The Challenge of AI is Reliability

AI is everywhere now, from chatbots to self-driving cars; it's on everyone's lips. On LinkedIn, the number of AI experts has skyrocketed, even if their so-called expertise is often limited to knowing how to use ChatGPT, Midjourney, or any other AI tool. The hype is strong, which is good for the AI industry, but it also creates a lot of confusion. People think AI is magic—that it can solve any problem, that it can do anything. But the reality is that AI is not magic; it's just a tool, and like any tool, it has its limitations.

The challenge is to integrate AI without compromising the overall reliability of the system. Why? Think of AI models, especially those based on deep learning approaches, as probabilistic black boxes. They are trained on data, and they make predictions based on that data. Every prediction they make comes with a certain level of uncertainty, inherent to the model. That's why you will often hear terms like accuracy, precision, recall, F1 score, etc. These metrics tell us how reliable a model is, how well it performs on a given task. Most of these metrics are evaluated on a test set, a subset of the data the model has never seen before, to ensure that the model generalizes well. It's designed to prevent the model from merely memorizing the training data and to actually learn from it. However, even with all these precautions, there is always a risk that the model will fail in production, making an unforeseen mistake. Because the real world is messy, and unless you train your model on all possible scenarios—which is impossible, as the number of scenarios is infinite—there will always be some cases where the model will fail.

The challenge is to integrate AI without compromising the overall reliability of the system. For example, McDonald's recently paused its AI-driven drive-thru order handling—temporarily—after social media reported bizarre mistakes. The issue? Reliability. The AI was not reliable enough to handle the orders.

Reliability vs Cost Trade-off

When you use an AI model that is right 70% of the time, for example, you must evaluate the cost of the 30% of the time when it's wrong. In some cases, the cost of failure is low, and you can afford to use a less reliable model. For instance, if you're using AI to recommend movies on Netflix and the model makes a mistake, it's not a big deal—you can just watch another movie. However, in other cases, the cost of failure is high, and you need a more reliable model. For example, if you're using AI to diagnose cancer and the model makes a mistake, it becomes a matter of life and death. Therefore, you need a model that is as reliable as possible.

Let’s consider large language models (LLMs), arguably the most popular AI models today. They are trained on massive amounts of data and can generate human-like text. However, it is difficult to evaluate their accuracy. The industry uses benchmarks to check common sense reasoning, factuality, etc. But these benchmarks are not perfect—they don't cover all possible scenarios, and more importantly, it is often difficult to assert with 100% certainty that these test sets are not contaminated. Even with that in mind, there is consensus that LLMs are unreliable as they can hallucinate—generate facts or information that are not true. This issue is not significant if you are using LLMs to rephrase a sentence, but it becomes critical if they are used to generate news articles, for example. While having access to additional context via retrieval augmentation can help mitigate this issue, it is not a silver bullet. The reliability issue remains.

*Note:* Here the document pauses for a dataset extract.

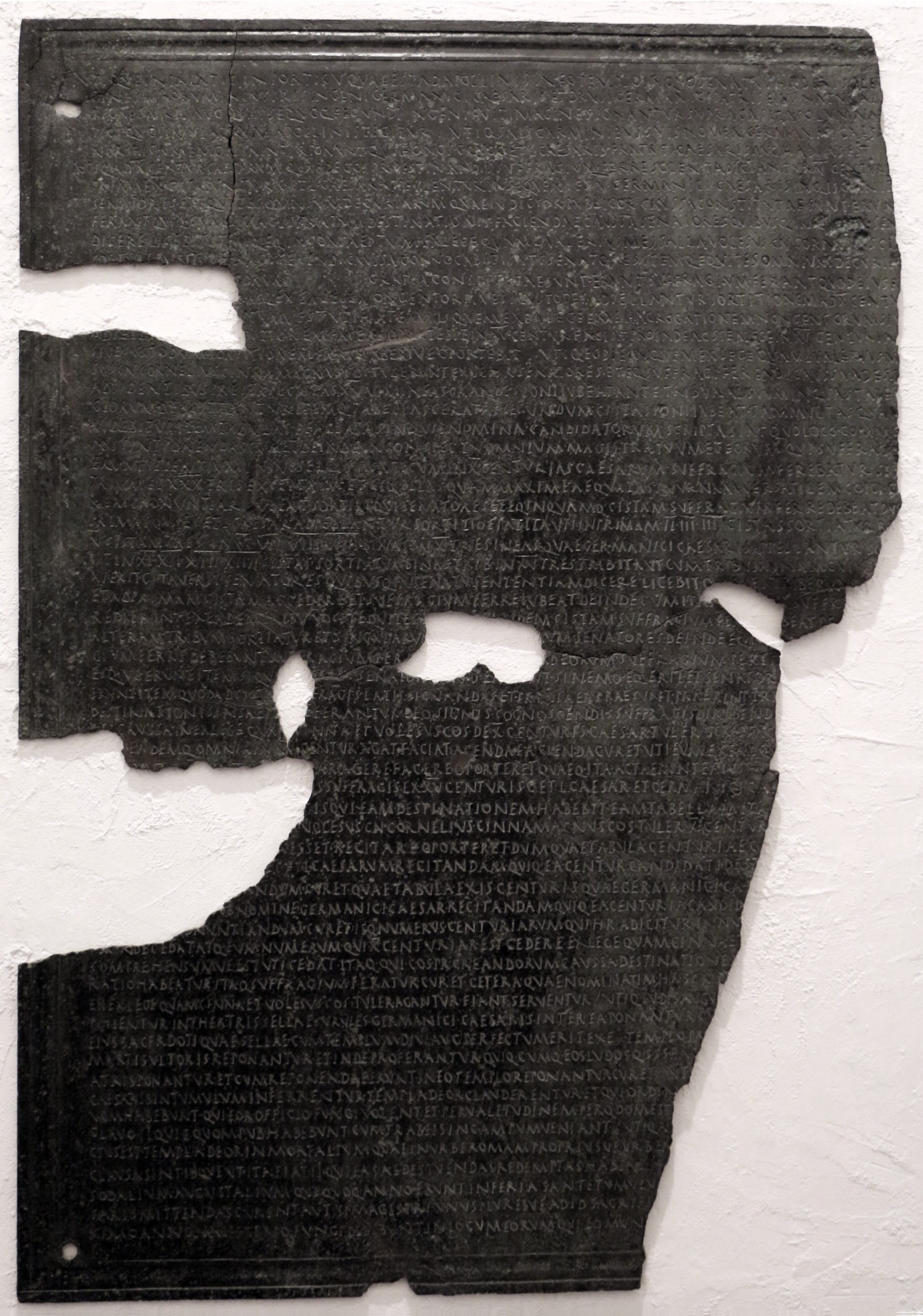 Tabula Heban, bronze as Roman antiquity in the Museo archeologico e d'arte della Maremma, Grosseto, Italy

How to Deal with the Challenge of AI Reliability

So, how do we deal with this challenge? There are several ways to do it. One way is to use multiple models, each trained on a different subset of the data. This method, known as ensemble learning, is a common technique in machine learning. By combining the predictions of multiple models, we can reduce the risk of failure, because even if one model fails, the others might still make a correct prediction. Another approach is to implement human oversight, especially in critical applications like healthcare or autonomous driving. Humans can provide a sanity check; they can ensure that the model is not making any obvious mistakes. And if the model does make a mistake, humans can intervene and correct it. This approach is called human-in-the-loop AI, and it's a growing field in AI research. Finally, we can also use techniques like uncertainty estimation to quantify the uncertainty of a model. This can help us identify cases where the model is unsure about its prediction and act accordingly. For example, if the model is uncertain about a diagnosis, we can ask a human expert to provide a second opinion.

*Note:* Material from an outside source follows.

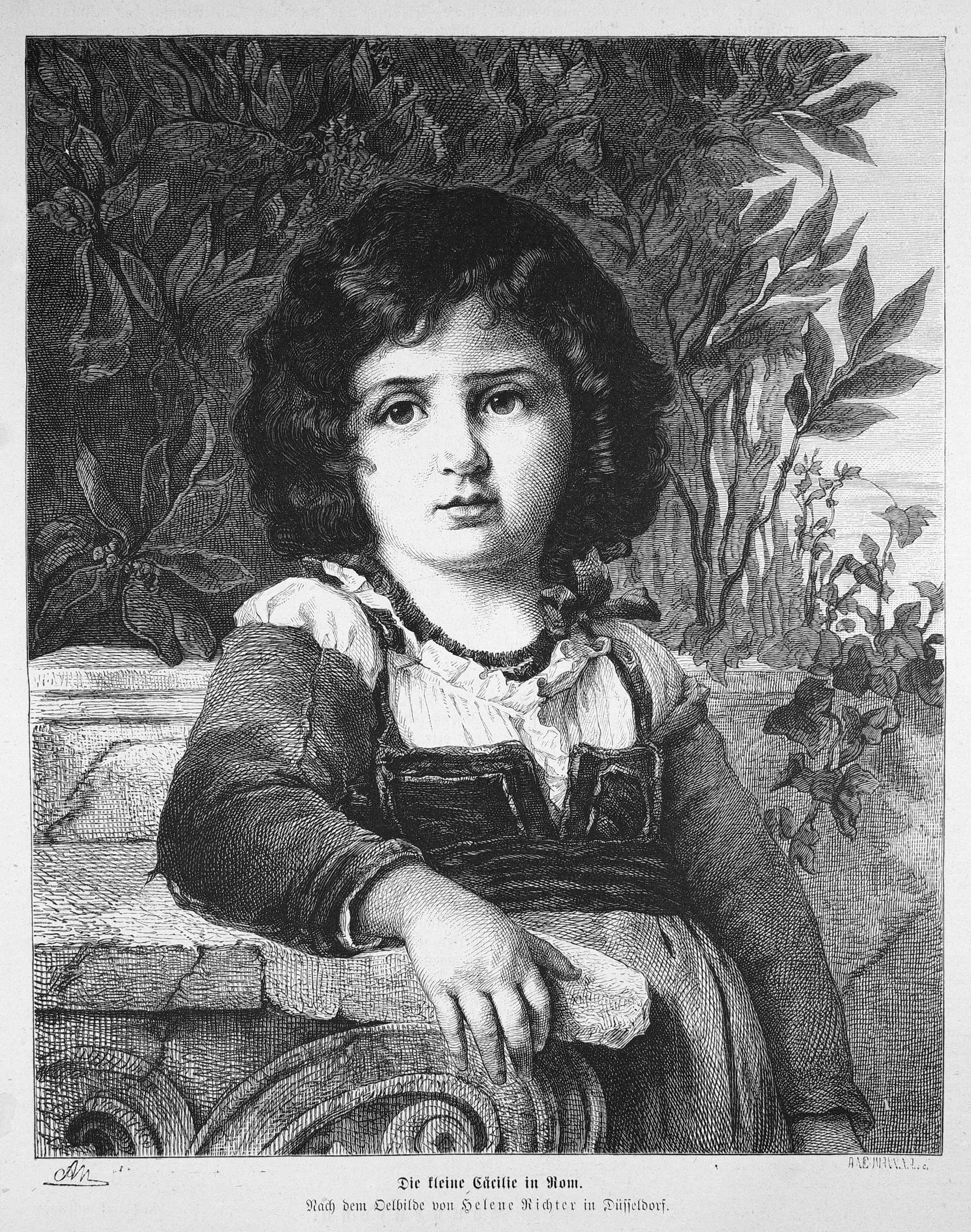 caption: "Die kleine Cäcilie in Rom. Nach dem Oelbilde von Helene Richter in Düsseldorf."

Always consider the cost of failure. If the cost is high, you need a more reliable model. If the cost is low, you can afford to use a less reliable model. This is particularly important when deploying your AI model as part of a larger system. Think like this: What happens to my workflow if the AI model fails 20-30% of the time? Can I afford it? What are the consequences for my business? For my customers? For my reputation? These are important questions to ask yourself before deploying your AI model, and they will also determine the user interface you will design. For example, if the cost of failure is high, you may want to design your system so that a human expert can intervene if the model fails. Or, you might inform the user about the model's limitations, as seen in ChatGPT.

The cost of ensemble learning can be high, as it requires multiple models to be trained and maintained. Human oversight can also be expensive, as it necessitates human experts to be on call 24/7. Uncertainty estimation is a promising technique, but it's still in its infancy, and it's not yet clear how well it works in practice. Thus, there is no silver bullet here, no one-size-fits-all solution. The challenge of AI is reliability, and it's a challenge that we must face head-on if we want to build AI systems that are safe and trustworthy.